### RAW DATA
┏━━

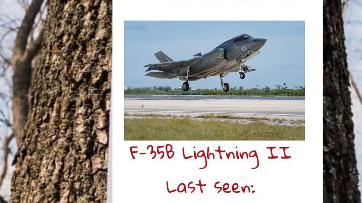 „A văzut cineva un F-35? Acesta măsoară puțin sub 16 metri. A dispărut de aproximativ o oră. Numele: Tommy. Nu mușcă.
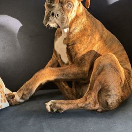Oakley is a female Boxer. Carefully selected as a great representative of her breed, Jami decided to make her part of their program. Jami has passed Good Dog’s screening process, which involved a review of their breeding practices, environment, and the mental and physical health of their dogs.
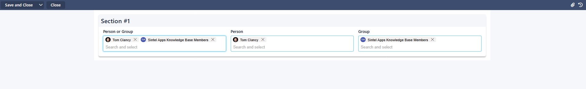 This article explains how Person, Group, and Person or Group fields work in the Sintel Apps Designer, how to configure them, and when to use each type.

┗━━

### DESCRIPTION OF THE TASK
Reproduce the whole listing verbatim. Pictures stay out of the copy.

### ANSWER SECTION
 „A văzut cineva un F-35? Acesta măsoară puțin sub 16 metri. A dispărut de aproximativ o oră. Numele: Tommy. Nu mușcă.
Oakley is a female Boxer. Carefully selected as a great representative of her breed, Jami decided to make her part of their program. Jami has passed Good Dog’s screening process, which involved a review of their breeding practices, environment, and the mental and physical health of their dogs.
 This article explains how Person, Group, and Person or Group fields work in the Sintel Apps Designer, how to configure them, and when to use each type.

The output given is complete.